1 . A method for compressing a neural network, comprising: obtaining an original neural network to be compressed, the original neural network comprising J operation layers to be compressed, where J is an integer greater than 1; compressing a j th operation layer of the J operation layers with K j different compression ratios to generate K j operation branches, where j and K j are integers, 1≤j≤J, and K j ≥1; obtaining, for the j th operation layer, a set of K j weighting factors corresponding to the respective K j operation branches, where the K j weighting factors have respective initial values; replacing the j th operation layer with the K j operation branches weighted by the set of K j weighting factors, to generate a replacement neural network; performing forward propagation to the replacement neural network based on a preset dataset to generate K j operation results, where a weighted sum operation is performed on the K j operation results with the K j weighting factors and a result of the weighted sum operation is used as an output of the j th operation layer, and where the K j operation results is generated by; compressing an input data from the preset dataset to generate K j compressed input data corresponding to the K j operation branches respectively, where the K j compressed input data have K j different accuracies corresponding to the K j different compression ratios of the K j operation branches respectively; and performing the forward propagation on the K j replaced operation branches and the K j compressed input data to generate the K j operation results; performing backward propagation to the replacement neural network based on the preset dataset, where, for the j th operation layer, updated values of the K j weighting factors are calculated based on a model loss of the replacement neural network relative to the original neural network, wherein the model loss is determined based on a product of a loss function determined based on an application type of the original neural network, and a performance index related to a hardware index of a hardware platform on which the original neural network is to be deployed; and determining, for the j th operation layer, an operation branch corresponding to a maximum value of the updated values of the K j weighting factors as a compressed j th operation layer.

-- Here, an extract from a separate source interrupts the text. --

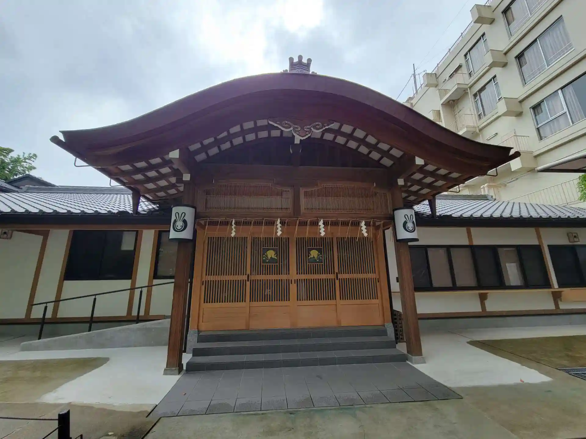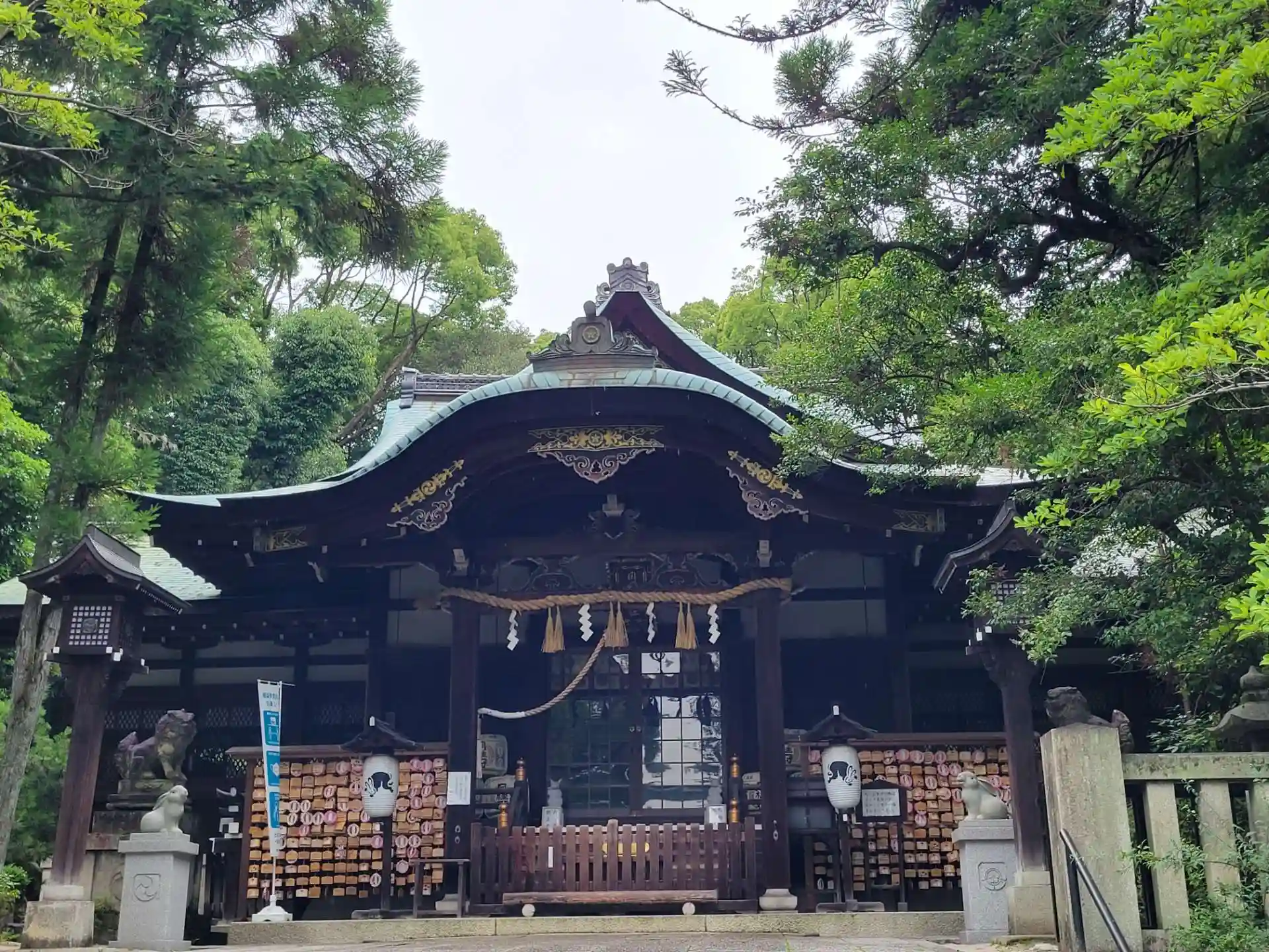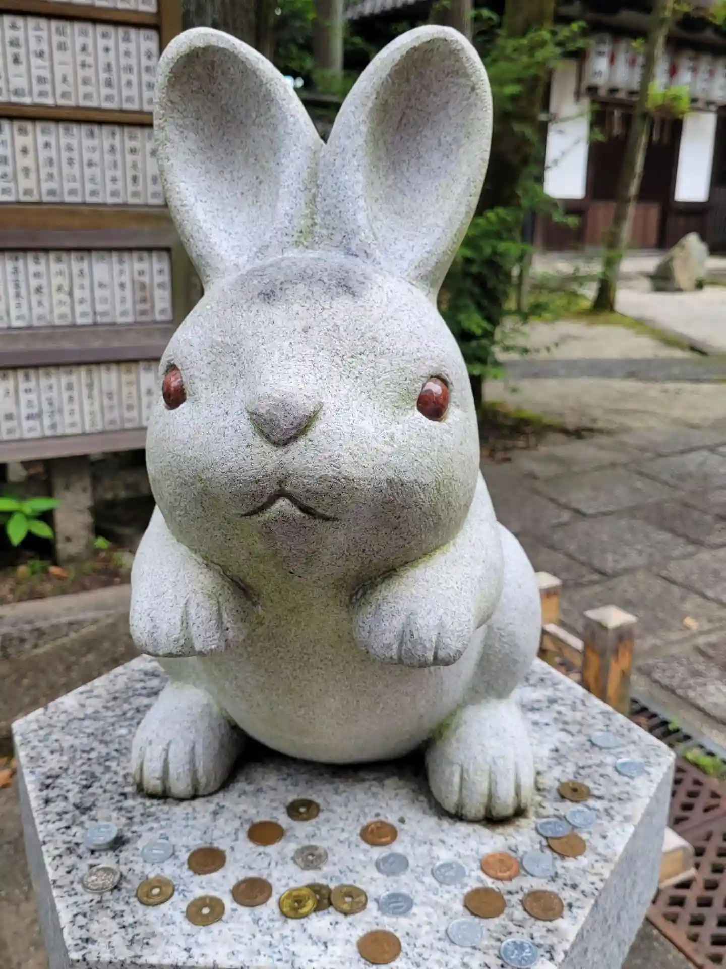 ウサギがいっぱいで、かわいらしい感じですが、拝殿も緑とあいまって、素敵です。

2 . The method of claim 1 , wherein the application type of the original neural network comprises: classification, positioning, detection or segmentation.

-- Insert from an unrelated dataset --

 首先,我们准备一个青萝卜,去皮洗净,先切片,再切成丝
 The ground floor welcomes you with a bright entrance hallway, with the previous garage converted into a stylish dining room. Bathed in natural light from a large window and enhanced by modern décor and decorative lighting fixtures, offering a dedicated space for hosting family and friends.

3 . The method of claim 1 , wherein the forward propagation and the backward propagation to the replacement neural network are iteratively performed for multiple times based on the preset dataset, and in the iteration process of the forward propagation and the backward propagation, the updated values of the K j weighting factors obtained in a backward propagation are assigned to the K j weighting factors to be used in a forward propagation next to the backward propagation.

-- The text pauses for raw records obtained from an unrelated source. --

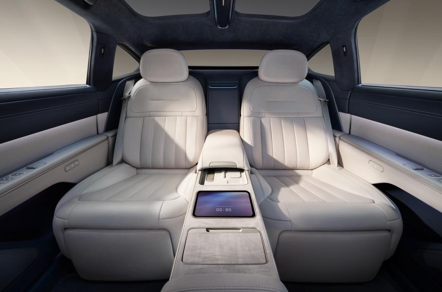 В каком ключе работает Чан Парк, можно увидеть на примере Nio ET9. Электрокар нацелен на конкуренцию с Mercedes-Maybach, Rolls-Royce и Cadillac, поэтому в салоне основное внимание уделено второму ряду. Раздельные кресла можно двигать в продольном направлении и менять угол наклона их спинок в диапазоне 45 градусов. К тому же тут есть оттоманки, массажер, вентиляция, электрорегулировки, планшеты диагональю 14,5 дюйма, мини-бар с охлаждением, столики и держатели с зарядкой для гаджетов.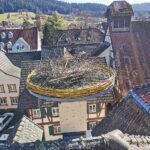 Um den nistenden Störchen ein Ausweichquartier anzubieten wurde vom Betriebshof ein Ersatznest auf dem Dach der Alten Kanzlei gebaut. Unter Einsatz der Feuerwehrleiter wurde Nestmaterial vom vorderen Treppen-Giebel des Rathauses entfernt und sorgsam auf das Ersatznest platziert. Am Dienstag hat erstmals ein Storch das Nest besetzt.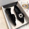 Mode Klassische meistverkaufte lässige Plüsch-Ballerinas für Damen-Oberbekleidung, Plüsch-Winter-Strass-Spitzschuh mit flachem Ausschnitt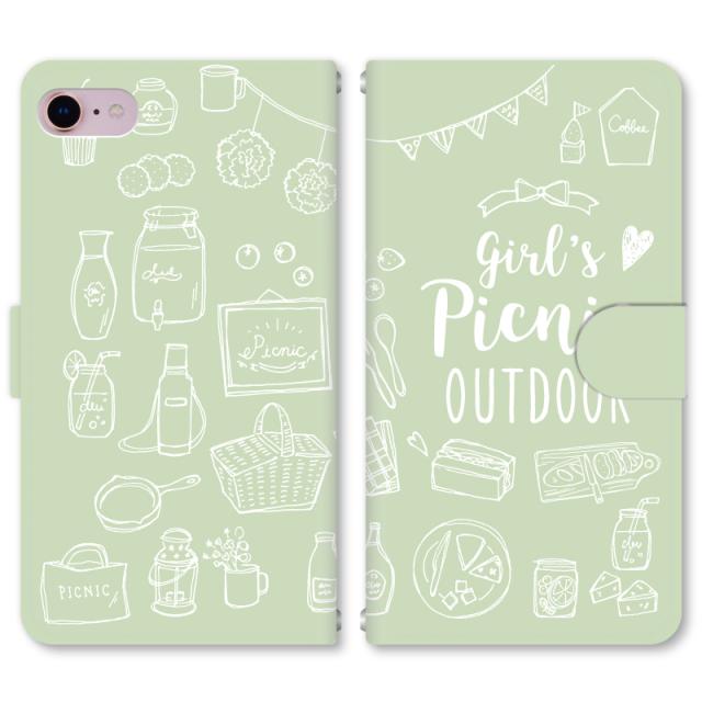 スマホケース 手帳型 iPhone13 iPhoneSE2 アイフォン 8 aquos sense GooglePixel xperia galaxyなど多機種制作対応 m411_ピクニック[グリーン]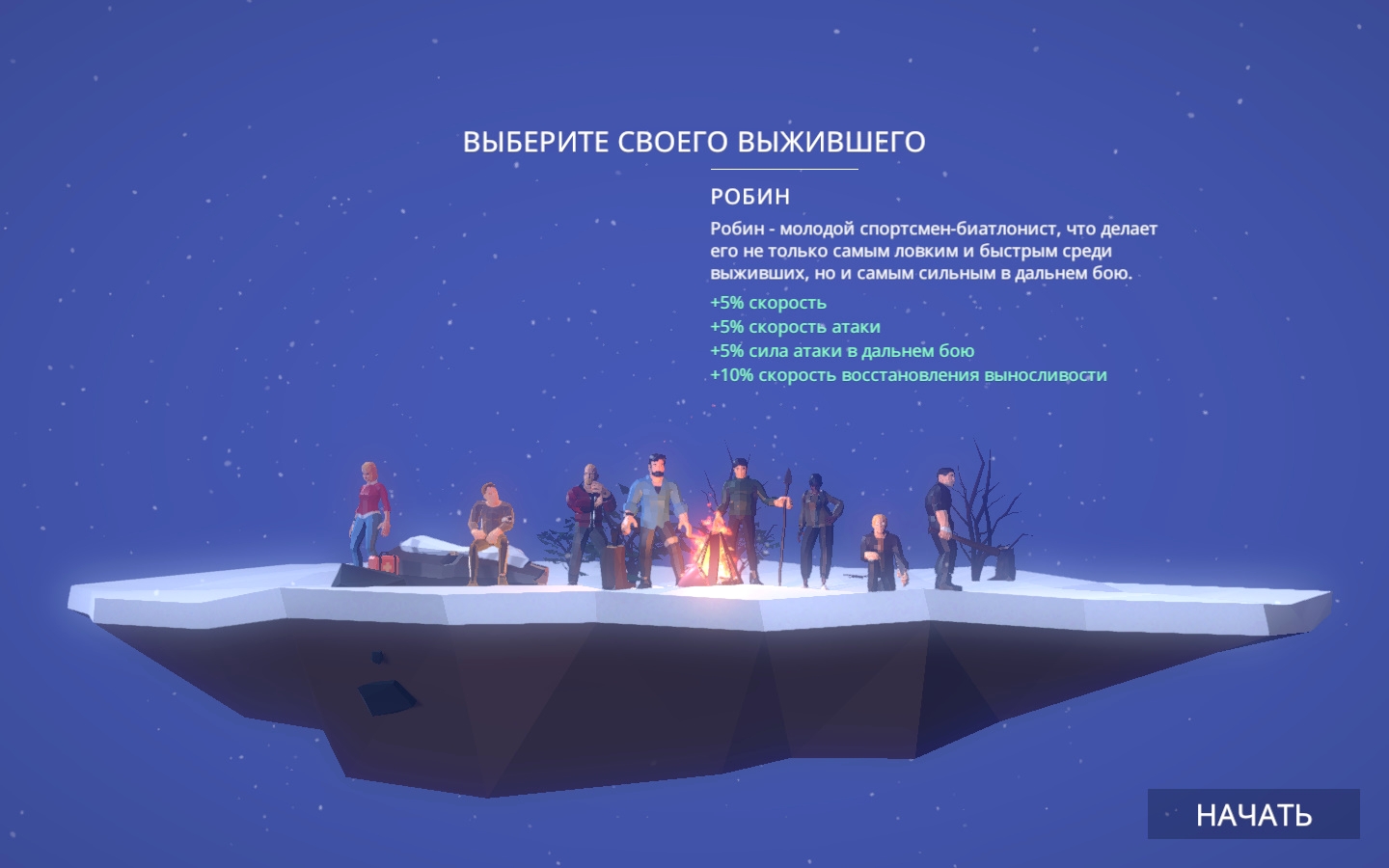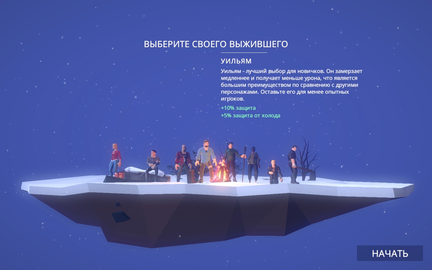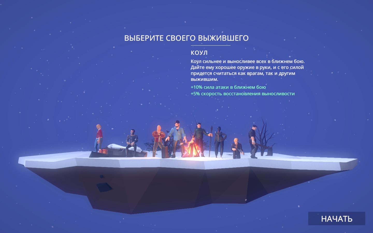 Интересная ситуация наблюдается с персонажами, выбираемыми при старте игры. На откуп игроку представляются восемь кандидатов, каждый из которых, если верить разработчикам, обладает уникальными навыками: Уильям не слишком боится холода; Коул физически сильнее своих напарников; ловкач Робин быстрее всех восстанавливает выносливость и так далее. Так гласит экран выбора. На деле же их преимущества едва заметны, особенно при одиночной игре. А вот в кооперативе процесс выживания заметно преображается.

4 . The method of claim 3 , further comprising: calculating, in the iteration process, a model size of the replacement neural network based on the operation branch corresponding to the maximum value of the updated values of the K j weighting factors; obtaining a change in the model size of the replacement neural network calculated after each iteration of the iteration process; and stopping the iteration process when the change is within a preset range.
5 . The method of claim 1 , wherein the j th operation layer to be compressed comprises a convolutional layer, an activation layer, a batch normalization layer, a pooling layer, or a fully connected layer.
6 . The method of claim 1 , further comprising: normalizing values of the K j weighting factors before performing the weighted sum operation on the K j operation results generated by the K j operation branches with the K j weighting factors.
7 . The method of claim 1 , wherein a parameter of the j th operation layer is represented by an N 0j -bit binary number, parameters of the K j operation branches are represented by N 1j -bit, N 2j -bit, . . . , N K j j -bit binary numbers respectively, N 0j , N 1j , N 2j , . . . , N K j j are integers greater than or equal to 1, and N 1j , N 2j , . . . , N K j j are less than or equal to N 0j .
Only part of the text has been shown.